Explaining that UNC has a culture of politics that is very different from the MSJ, Abdulah said the UNC sees themselves as a party very much akin to that of the People’s National Movement (PNM,) in terms of appealing to ethnic support. “They see the need to use the state resources as patronage. Not necessarily in an illegal way, but for example, you see appointments to state boards as a means of gratitude for long-serving party support and that is patronage. “A similar culture was entrenched by the PNM over many years and the PP had vowed to do differently.”  

 

Party loyalty beats competence
Abdulah also spoke of a comment made by a senior Cabinet member regarding the appointments that also bothered him. “When a particular recommendation was being reviewed, the sentiment expressed by a line minister was that it was more important that chairmen and directors were being chosen on the basis of loyalty and not competence because a competent person may not be loyal but you can try to make a loyal person competent.

 

“The fact of the matter is T&T as a society is far too small to try and run the affairs of a country on the basis of part of the population,” Abdulah said. The MSJ leader said similar signs were evident as early as four to five months after the PP assumed office.

 

“The PP had promised to offer something different. The MSJ felt the PP was betraying the social contract as a party and we (MSJ) are not about patronage. “We felt we could not continue like this and I could not live with my conscience any longer without speaking out.”

 

Abdulah: I raised numerous concerns before leaving   
Asked whether he had previously raised his concerns, Abdulah said: “I would have said things to specific ministers and I indicated some of my concerns.
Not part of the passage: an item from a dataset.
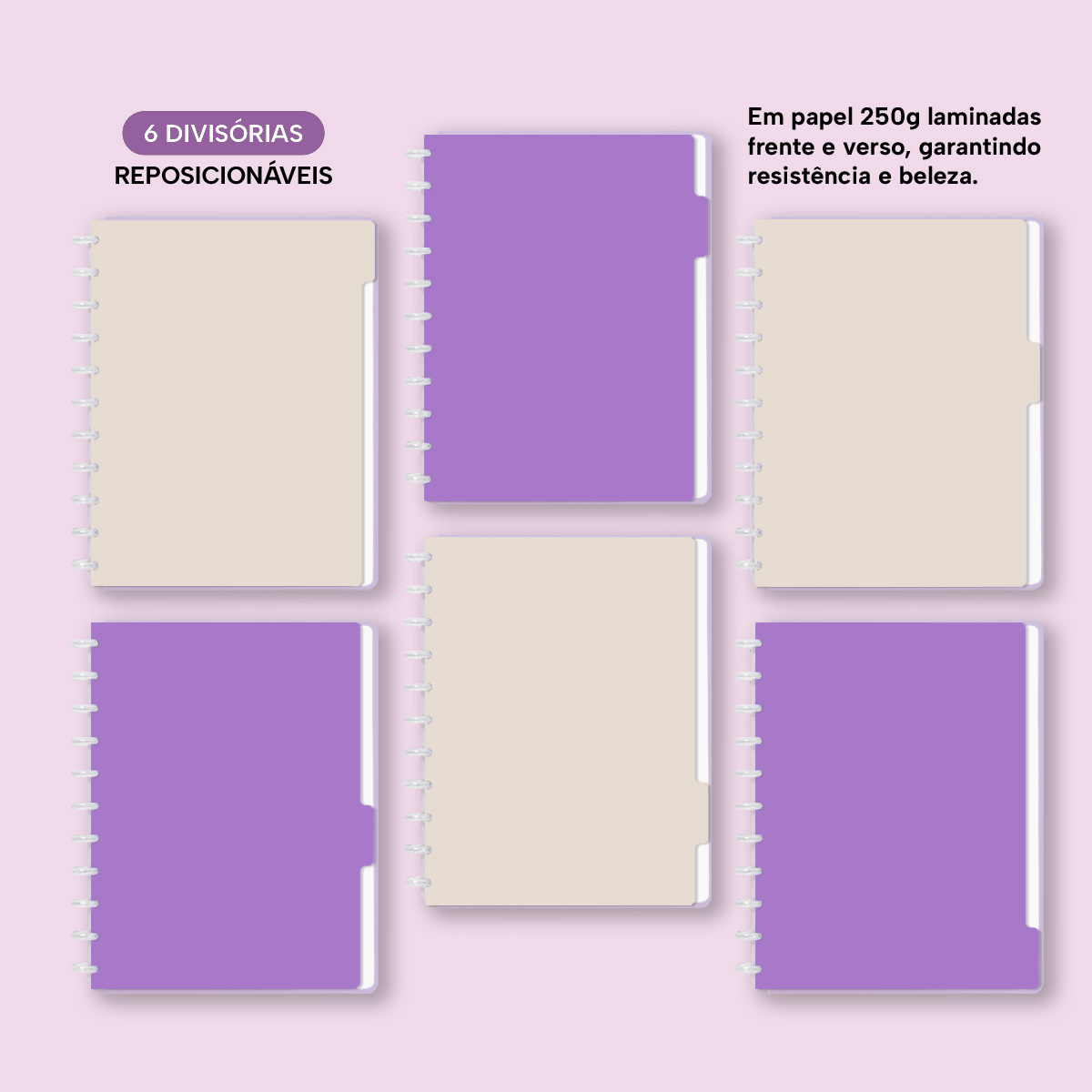 6 divisores laminados (frente e verso) em papel 250g.

There were some issues I brought to the attention of the Prime Minister on a number of occasions, during a few private meetings I requested.”

 

Abdulah said he also raised his concerns during parliamentary caucuses but said he did not want to betray the confidence of members. “All I would say is that many of the concerns that I was raising and spoke about and what was described as reckless and unreasonable was originally disclosed since March 11, by the MSJ.”

 

‘MSJ is about the people’
Scoffing at comments made by Prime Minister Kamla Persad-Bissessar stating that he had an “ambitious quest for power,” Abdulah said he was at a loss at what the statement meant. “Only the Prime Minister can explain what she meant, I do not know what she means.

 

“What is on the agenda is the building of the MSJ and the engagement of MSJ with the citizens of T&T. “We are going to listen to them in terms of their concerns and aspirations, and developing the policy proposals and the ideas to bring about fundamental change. “We need a way out and MSJ is prepared to be part of that process.”